Also in the budget is a provision that would eliminate required minimum distributions for people who are at least 70½ years old whose tax-deferred retirement plan balances do not exceed $75,000.
In addition, the proposal provides a few more details on a recommendation to target military retirement benefits as a source of savings by establishing a commission to review them. According to the administration’s proposal, the Department of Defense would transmit, to a presidentially appointed commission, initial recommendations on how to change the military retirement system (see “DoD Panel Proposes Retirement Benefit Change for Troops“). The commission would hold hearings, make final recommendations and draft legislation to implement its recommendation.
The President would again weigh in on the commission recommendations and send them to lawmakers. The proposal would also include “grandfathering provisions” for current retirees and active-duty members.

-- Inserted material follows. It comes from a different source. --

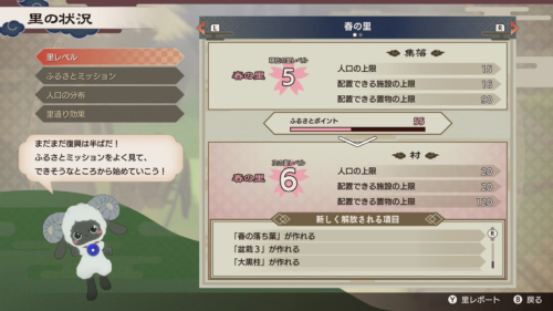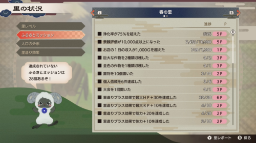 里には里レベルというものがあり、里レベルが上がると人口が増えたり、新たな建物が建てられるようになったりといったメリットがあります。里レベルを上げるためにはふるさとミッションを達成してふるさとポイントを溜める必要があります。ふるさとミッションの内容は、農作物を一定数収穫することや、建物を建てることなど多種多様です。自然にプレイしているだけでどんどんミッションを達成できますが、たまにはミッションの内容を確認して方針を考えると良いかもしれません。

President Obama’s 2013 budget calls for federal employees to contribute more to their pensions (see “2013 Budget Calls for Increase in FERS Pension Contributions“).In a statement, Brian H. Graff, executive director/CEO of The American Society of Pension Professionals & Actuaries (ASPPA), said: “President Obama’s proposals to limit the tax benefit for retirement savings for families earning over $250,000 is a bad proposal based on bad math. Unlike other targeted tax incentives, the tax break for retirement savings is a deferral, not a permanent write off. Under the President’s budget, these taxpayers wouldn’t just lose a current tax break, they would actually be penalized for saving—paying taxes now and taxes later. This will discourage small business owners from setting up or maintaining retirement savings plans for their employees. Workers that lose workplace retirement savings plans will be the ones that really pay for this misguided proposal.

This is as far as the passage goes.